2.4.9. Biocompatibility Assays and Morphological Change

HEK293 cells from the American Type Culture Collection (Manassas, VA, USA) were maintained in RPMI1640 with 10% of fetal bovine serum at 37 °C in 5% CO2. Cell viability was determined via the colorimetric WST assay (Ez-Cytox; DoGenBio, Seoul, Korea). Cells were seeded into 96-well plates at a density of 5000 cells per well and incubated for 24 h. Thereafter, cells were further incubated for 24 or 48 h in the presence of NZB sample at a concentration of 10–200 μg·mL−1 in 0.1% dimethyl sulfoxide, followed by cell incubation with the WST reagent (one-tenth of the medium volume). The amount of formazan dye formed was determined by measuring the absorbance at 450 nm using a spectrophotometric microplate reader (BMG LABTECH GmbH, Ortenber, Germany). The morphology of HCT-15 cells treated with the above samples was imaged using a phase-contrast microscope (Leica DM IL LED; Leica, Wetzlar, Germany) (data not shown).

3. Results and Discussion

3.1. Material Properties

3.1.1. Phase Composition

The crystalline phases of ZO, NZO, and NZB samples were evaluated using XRD and shown in Figure 1a. XRD reflection peaks of the as-synthesized ZO, NZO, and NZB were consistent with the hexagonal ZO (h-ZO) structure (JCPDS 36-1451) [17]. However, some additional peaks can be seen at approximately 16.78° and 52.38° for the NZB sample. These peaks can be attributed to the (020) and (060) lattice planes of BP [32]. These results also suggested that even after liquid ultrasonication, there was no impurity and exfoliated BP nanosheets are still in the orthorhombic system. This XRD result confirmed the successful formation of the NZB nanocomposite.

3.1.2. XPS Results

The elemental composition and valence state of the representative NZB sample was measured by XPS and the spectra are depicted in Figure 1b–d, which shows the binding energy signals of Zn 2p (Figure 1b), Ni 2p (Figure 1c), and P 2p (Figure 1d).

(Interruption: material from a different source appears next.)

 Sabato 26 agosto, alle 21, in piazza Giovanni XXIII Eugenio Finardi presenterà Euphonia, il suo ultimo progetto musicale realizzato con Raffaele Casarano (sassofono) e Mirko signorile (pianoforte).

For Zn 2p (Figure 1b), two strong peaks were detected at 1021.9 and 1045.0 eV, which were assigned to the binding energies of the Zn 2p3/2 and Zn 2p1/2 states, respectively [16]. Moreover, the calculated binding energy difference between Zn 2p3/2 and Zn 2p1/2 was ~23.1 eV, confirming the valence state of zinc as Zn2+ [16]. Figure 1c shows the Gaussian fitted binding energy curves of Ni 2p. Its two main peaks were centered at approximately 856.2 and 873.5 eV, representing the binding energies of the Ni 2p3/2 and Ni 2p1/2 states, respectively [17]. Similarly, the calculated energy difference between the Ni 2p3/2 and Ni 2p1/2 states was 17.3 eV, which is quite different from NiO (18.4 eV) [33]. Therefore, the above results confirm that the Ni present in NZB is different from NiO. Additionally, Figure 1d shows the binding energies of the P 2p peak, which is in agreement with other published data [23]. Therefore, XPS data (Figure 1b–d), along with data from XRD (Figure 1a), confirmed successful formation of the NZB nanocomposite.

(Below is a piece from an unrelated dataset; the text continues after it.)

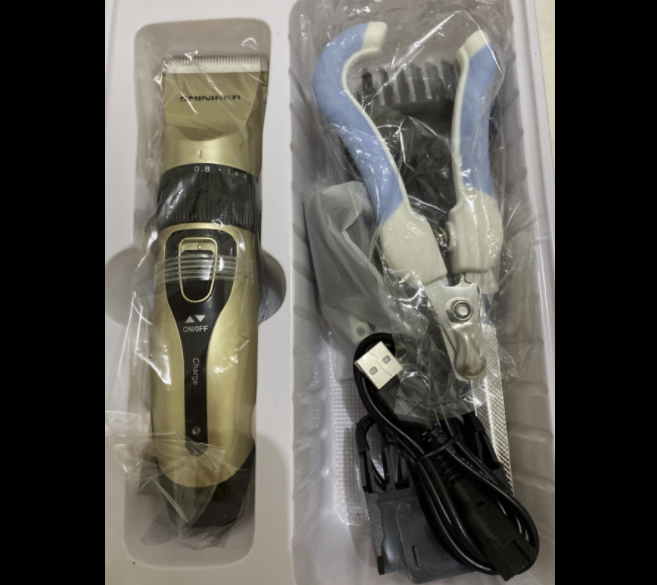 I liked that the set included everything needed for grooming - scissors, different sized combs for the shaver, nail clippers, & a nail file! It also included a tiny brush to clean the inside of the shaver. When you turn on the device, the noise is very low and did not scare any of my dogs. My only complaint is that the charge light for my device never turned green no matter how long I charged it for (and I even kept an eye on it because the recommended charge time was 3 hours). Still, it was completely functional and easy to use. Make sure to use the scissors to trim long fur before going in with the shaver. The fur does get everywhere, so I usually go out into the garden and put my dog on a little table so that he won't move around as much. Also, clean the inside after each use so that the device doesn't get clogged. It's super easy to pop the blade portion out and back in! Definitely a great product for dog owners who want to groom at home (especially during the age of Covid, when we can't really go to the groomers'). Worth the investment for this all-in-one grooming kit!

3.1.3. Morphology and Microstructure

The morphology and microstructure of representative NZB is depicted in Figure 2. Figure 2a shows the TEM images of NZB nanoparticles where NZO nanoparticles were distributed on BP nanosheets. Similarly, the high-resolution TEM (HRTEM) image of NZB is shown in Figure 2b. The inset of Figure 2b shows the enlarged version from the marked region in Figure 2b. The distinct lattice fringes with interplanar distances of 0.25 can correspond to the (101) plane of ZO. Additionally, elemental mapping images of the representative NZB sample showed good distributions of Zn (Figure 2c), O (Figure 2d), Ni (Figure 2e), and P (Figure 2f) elements. Hence, TEM and HRTEM images as well as elemental mapping confirmed the successful formation of the NZB nanocomposite.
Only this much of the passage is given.